Ján Mucha (born 5 December 1982) is a Slovak former professional footballer who played as a goalkeeper.

Club career

Everton
In January 2010, Mucha signed a pre-contract deal with English Premier League club Everton to join them on 1 July.
On 4 August 2010, Mucha made his Everton debut playing the first 45 minutes of a pre-season friendly against Chilean side Everton de Viña del Mar at Goodison Park, before being replaced in goal by Iain Turner at half-time. His competitive debut for Everton came in the first match of their League Cup campaign, a 5–1 win over Huddersfield Town. He went on to play in the successive League Cup match against Brentford, in which he saved a penalty kick in the second half, but could not keep his side in the competition in the penalty shootout to decide the match, which Everton lost 4–3. Mucha made his sixth appearance for the club and his first in the 2012/13 season in a League Cup tie at home to Leyton Orient in August 2012, which Everton won 5–0. Mucha played in the next round as Everton lost 2–1 away to Leeds United.
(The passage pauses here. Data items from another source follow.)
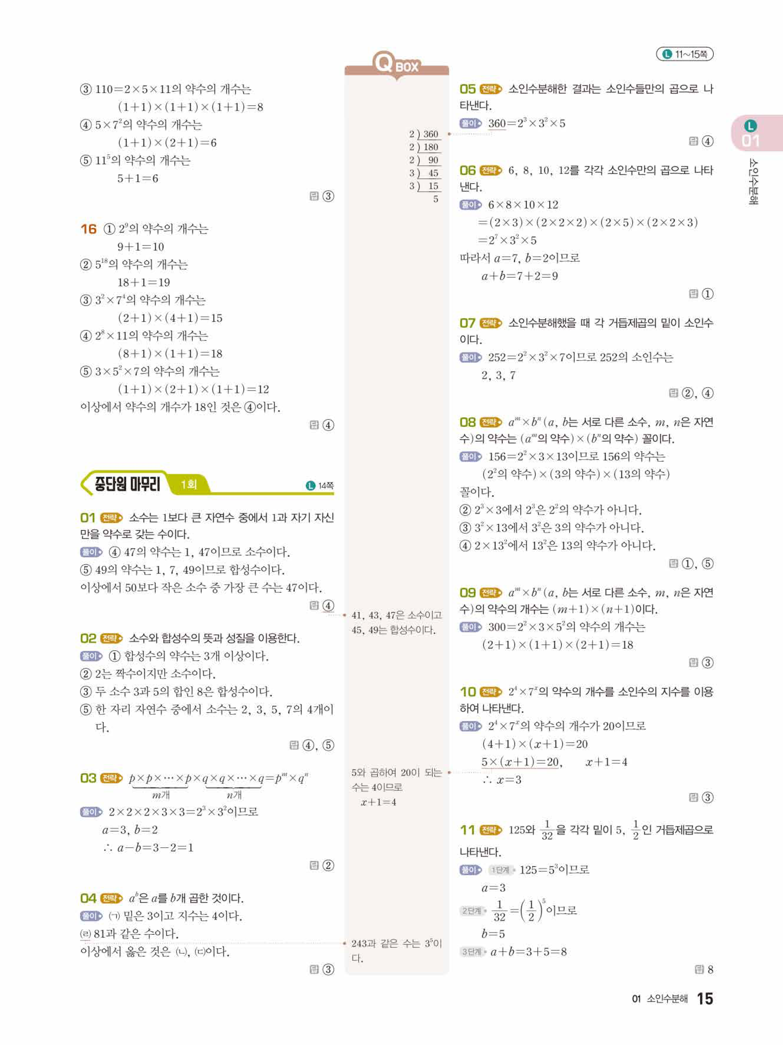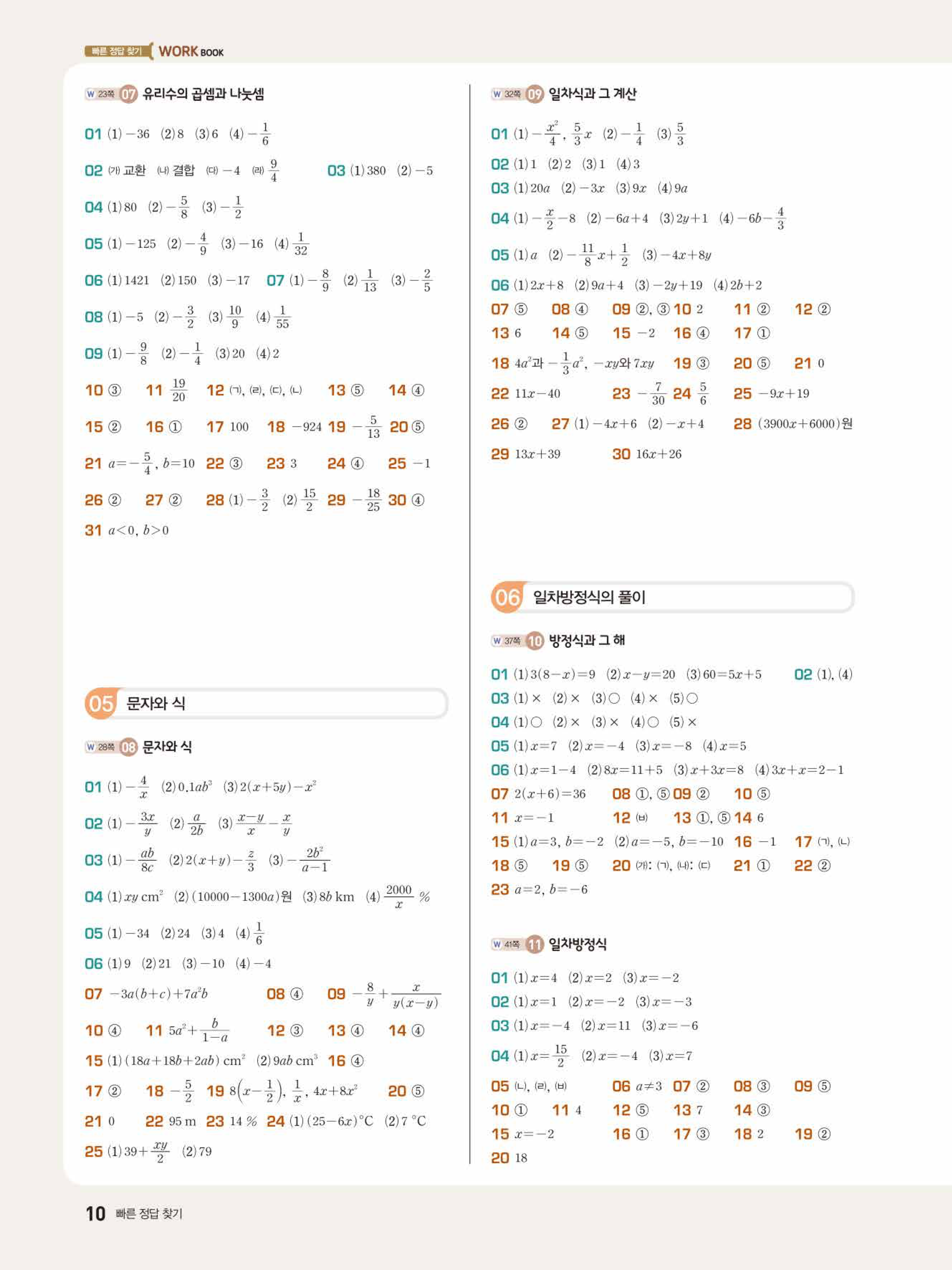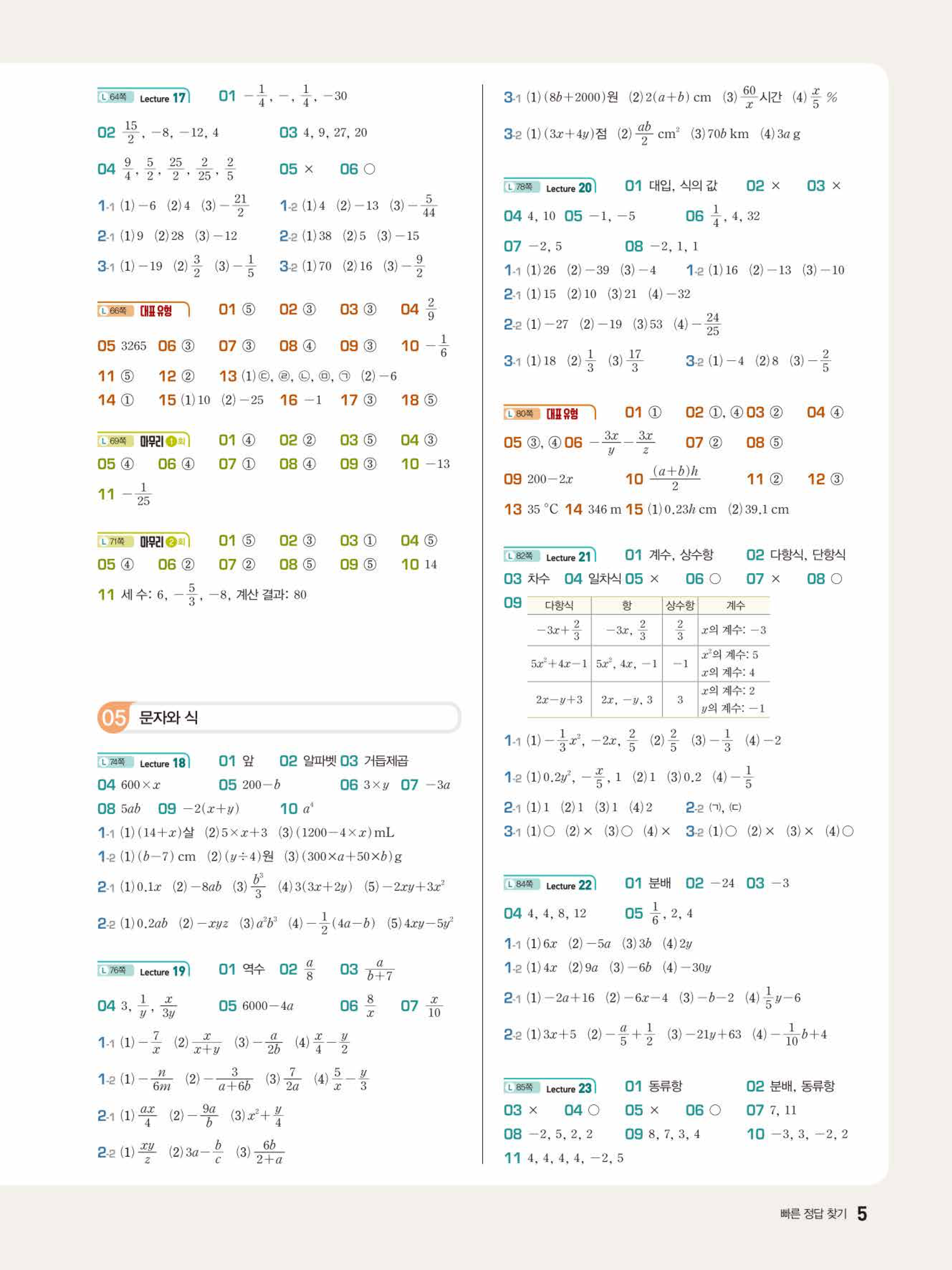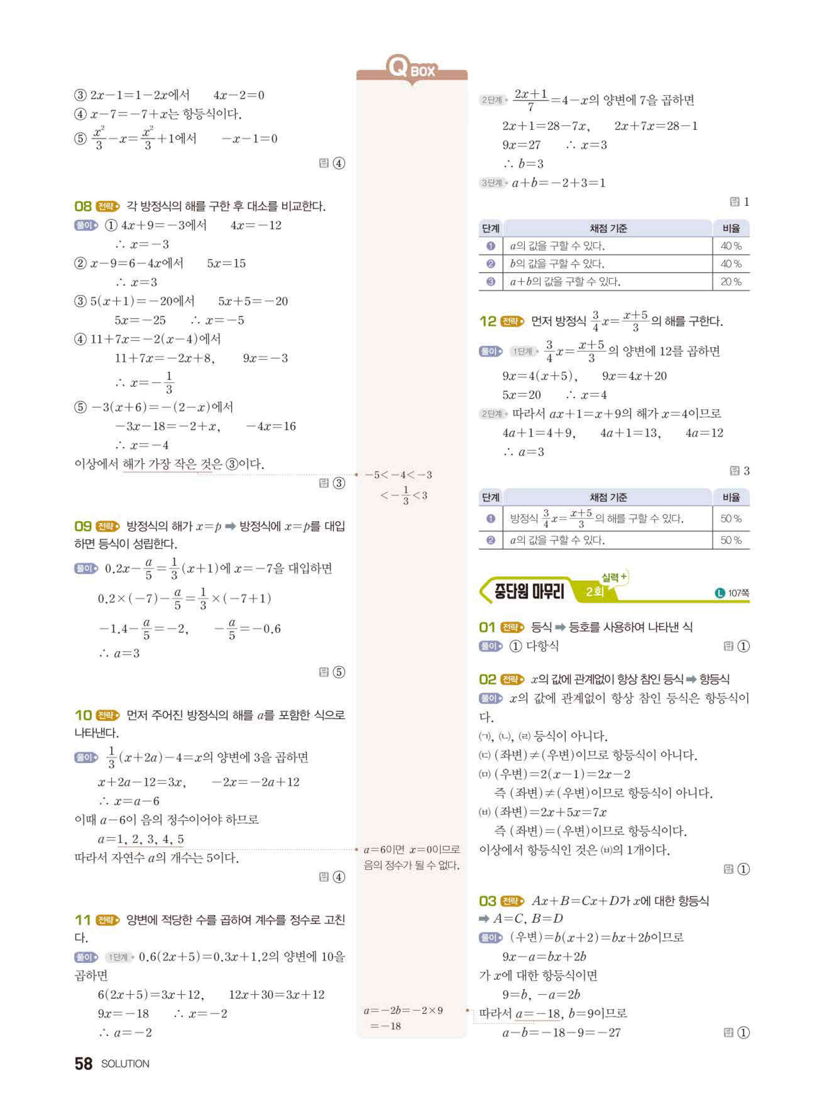 2022 우공비큐 표준편 중1-1 답지 해설 바로보는 사진답지 빠른답지 모바일최적화
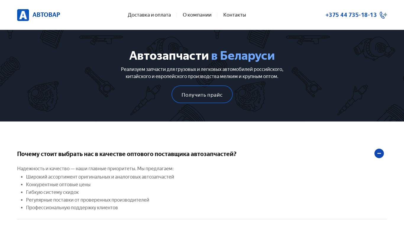 | SEO-описание | Реализуем автомобильные запчасти в Минске с доставкой по Беларуси. Для легковых и грузовых автомобилей |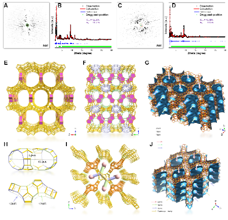 创制先进材料和阐明构效关系是化学、材料、物理、生物医药等物质科学发展的基础与核心。以沸石分子筛(zeolite)为代表的无机微孔材料由于其具有孔径分布均一、孔道结构规整、活性中心可调、比表面积大、稳定性好等特性,广泛用于绿色催化、吸附分离、离子交换等领域,多次引领能源、化工、环境领域里程碑式变革。新结构沸石分子筛的创制和应用是能源、化工、环境等众多领域技术变革的源头创新之一。但新结构沸石分子筛材料难设计合成且不易制备高质量单晶,其结构分析主要依赖于多晶粉末样品,因此,突破晶体尺寸和样品纯度对沸石分子筛材料结构分析的限制是新结构分子筛创制过程中的巨大挑战。

He was on the bench in all 38 Premier League fixtures of 2010–11 and 2011–12 seasons as an unused sub. On 2 March 2013, with regular keeper Tim Howard injured, Mucha finally made his league debut for Everton in a 3–1 home win against Reading. On 9 March 2013, with Howard still injured, Mucha made his FA Cup debut in a 3–0 home loss to Wigan. He made his 10th appearance for the club the following week in a home league game against Manchester City. Everton ran out 2–0 winners with Mucha producing a string of fine saves. Mucha left Everton when his contract expired at the end of the season.

Krylia Sovetov Samara
In July 2013, Mucha signed for Russian side Krylia Sovetov Samara.

On 15 January 2015, Mucha signed with Arsenal Tula on loan till the end of the 2014–15 season.

Slovan Bratislava
On 28 June 2015, Mucha signed a four-year contract with Slovak club ŠK Slovan Bratislava.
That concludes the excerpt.